Synergistic binding of konjac glucomannan to xanthan on mixing at room temperature

Mixtures of 0.5 wt% xanthan with 0.5 wt% konjac glucomannan (KGM) in water and in 30 mM KCl were prepared by mixing stock solutions of the individual polymers at 20 °C, and characterised rheologically by low-amplitude oscillatory measurements, and by creep–recovery experiments using applied stresses of 0.2, 0.4, 0.8, 1.6, 3.2, 6.4, 12.8, 25.6, 51.2 and 102.4 Pa. Both mixtures gave gel-like mechanical spectra, and showed typical elastic response to stresses in the range 0.2–12.8 Pa, with recoverable strain increasing in direct proportion to applied stress. Fracture and flow occurred at higher stress (25.6 Pa for the mixture prepared in water; 102.4 Pa for the network formed in 30 mM KCl).
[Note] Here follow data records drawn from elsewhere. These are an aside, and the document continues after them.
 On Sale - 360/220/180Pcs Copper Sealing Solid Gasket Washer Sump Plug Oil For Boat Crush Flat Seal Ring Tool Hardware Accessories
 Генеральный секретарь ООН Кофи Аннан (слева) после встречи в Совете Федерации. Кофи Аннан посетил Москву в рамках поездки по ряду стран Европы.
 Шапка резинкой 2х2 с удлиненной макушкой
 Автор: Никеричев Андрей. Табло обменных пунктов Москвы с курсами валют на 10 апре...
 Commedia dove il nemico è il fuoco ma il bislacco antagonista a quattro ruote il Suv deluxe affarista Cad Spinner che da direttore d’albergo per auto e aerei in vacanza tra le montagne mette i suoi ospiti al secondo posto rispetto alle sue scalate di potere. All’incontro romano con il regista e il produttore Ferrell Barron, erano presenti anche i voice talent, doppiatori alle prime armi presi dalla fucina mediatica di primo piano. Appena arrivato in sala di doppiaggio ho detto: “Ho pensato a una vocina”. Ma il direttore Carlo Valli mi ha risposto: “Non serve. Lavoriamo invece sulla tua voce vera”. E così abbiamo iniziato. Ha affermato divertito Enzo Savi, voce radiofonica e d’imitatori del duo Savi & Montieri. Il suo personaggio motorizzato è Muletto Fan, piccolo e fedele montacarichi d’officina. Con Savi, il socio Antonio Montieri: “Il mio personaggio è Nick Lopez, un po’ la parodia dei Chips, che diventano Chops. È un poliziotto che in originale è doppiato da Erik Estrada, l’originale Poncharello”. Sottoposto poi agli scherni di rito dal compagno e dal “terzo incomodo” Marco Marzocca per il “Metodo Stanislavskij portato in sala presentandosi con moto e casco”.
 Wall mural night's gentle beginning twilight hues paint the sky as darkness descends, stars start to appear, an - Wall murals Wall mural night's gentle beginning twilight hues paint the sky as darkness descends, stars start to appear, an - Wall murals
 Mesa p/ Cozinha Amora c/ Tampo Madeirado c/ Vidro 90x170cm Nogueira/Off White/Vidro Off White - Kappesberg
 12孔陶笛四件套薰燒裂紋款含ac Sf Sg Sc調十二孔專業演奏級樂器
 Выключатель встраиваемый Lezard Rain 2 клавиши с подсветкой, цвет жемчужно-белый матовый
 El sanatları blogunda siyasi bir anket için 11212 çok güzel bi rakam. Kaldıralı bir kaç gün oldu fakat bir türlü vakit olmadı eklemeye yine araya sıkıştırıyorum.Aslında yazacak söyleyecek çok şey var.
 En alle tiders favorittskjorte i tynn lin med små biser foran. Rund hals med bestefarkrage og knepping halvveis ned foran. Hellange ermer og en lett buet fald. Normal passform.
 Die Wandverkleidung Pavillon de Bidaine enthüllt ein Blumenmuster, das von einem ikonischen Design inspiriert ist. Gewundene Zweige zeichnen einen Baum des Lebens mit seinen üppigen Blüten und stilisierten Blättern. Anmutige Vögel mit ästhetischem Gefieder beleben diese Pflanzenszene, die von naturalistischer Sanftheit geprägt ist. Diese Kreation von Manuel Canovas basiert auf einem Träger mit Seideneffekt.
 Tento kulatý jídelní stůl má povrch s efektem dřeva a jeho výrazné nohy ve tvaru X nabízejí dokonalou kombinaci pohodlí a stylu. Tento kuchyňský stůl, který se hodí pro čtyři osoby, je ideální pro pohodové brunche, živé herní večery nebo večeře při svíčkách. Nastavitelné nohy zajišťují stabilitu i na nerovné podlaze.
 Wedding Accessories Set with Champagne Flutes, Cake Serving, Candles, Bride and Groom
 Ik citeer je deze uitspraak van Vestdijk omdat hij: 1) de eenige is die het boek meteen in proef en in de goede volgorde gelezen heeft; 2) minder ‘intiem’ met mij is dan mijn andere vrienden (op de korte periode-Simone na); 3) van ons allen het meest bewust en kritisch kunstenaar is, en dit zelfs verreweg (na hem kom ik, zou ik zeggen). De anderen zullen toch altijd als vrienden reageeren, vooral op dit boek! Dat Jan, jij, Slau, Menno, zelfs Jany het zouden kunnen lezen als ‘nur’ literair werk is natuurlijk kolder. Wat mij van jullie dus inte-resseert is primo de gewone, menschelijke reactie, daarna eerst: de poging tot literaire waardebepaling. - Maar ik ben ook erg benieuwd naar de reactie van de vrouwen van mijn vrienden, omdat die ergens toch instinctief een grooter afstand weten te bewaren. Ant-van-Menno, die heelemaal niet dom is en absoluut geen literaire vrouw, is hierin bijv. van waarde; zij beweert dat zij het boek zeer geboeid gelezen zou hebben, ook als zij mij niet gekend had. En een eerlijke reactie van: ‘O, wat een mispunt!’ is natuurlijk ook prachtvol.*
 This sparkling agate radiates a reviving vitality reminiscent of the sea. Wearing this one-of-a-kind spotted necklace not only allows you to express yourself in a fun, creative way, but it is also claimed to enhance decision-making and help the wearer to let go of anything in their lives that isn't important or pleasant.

On heating from 20 to 95 °C, both mixtures showed a typical melting process, seen as a sigmoidal reduction in G′ and G″, with G′ dropping below G″, and an accompanying endothermic transition in DSC (differential scanning calorimetry). Rheological and thermal transitions were observed on cooling to 20 °C and reheating to 95 °C, over the same temperature-range as those observed on initial heating. As anticipated, the networks formed after heating and cooling were stronger and more cohesive than those obtained on initial mixing at 20 °C. The order–disorder transition of 0.5 wt% xanthan in water, as characterised by DSC, was centred at ∼50 °C, within the temperature-range of the gelling/melting transition of the xanthan–KGM mixtures prepared in water. Conformational ordering of xanthan in 30 mM KCl, however, was complete by ∼70, 50 °C above the mixing temperature of 20 °C used in preparation of the mixtures with KGM. The transition enthalpy (ΔH) of the DSC endotherm observed on initial heating of the mixture prepared in 30 mM KCl was virtually identical to the values obtained on cooling and re-heating (6.11 J/g xanthan, in comparison with −6.00 J/g on cooling and 6.14 J/g in the second heating scan), indicating the same nature and extent of intermolecular association in mixtures prepared at 20 °C as in those cooled from high temperature. We therefore conclude that mixing at low temperature inhibits formation of a cohesive gel by disruption of network structure during mixing, rather than by a requirement for the xanthan molecules to be disordered before association can occur, as has been proposed previously.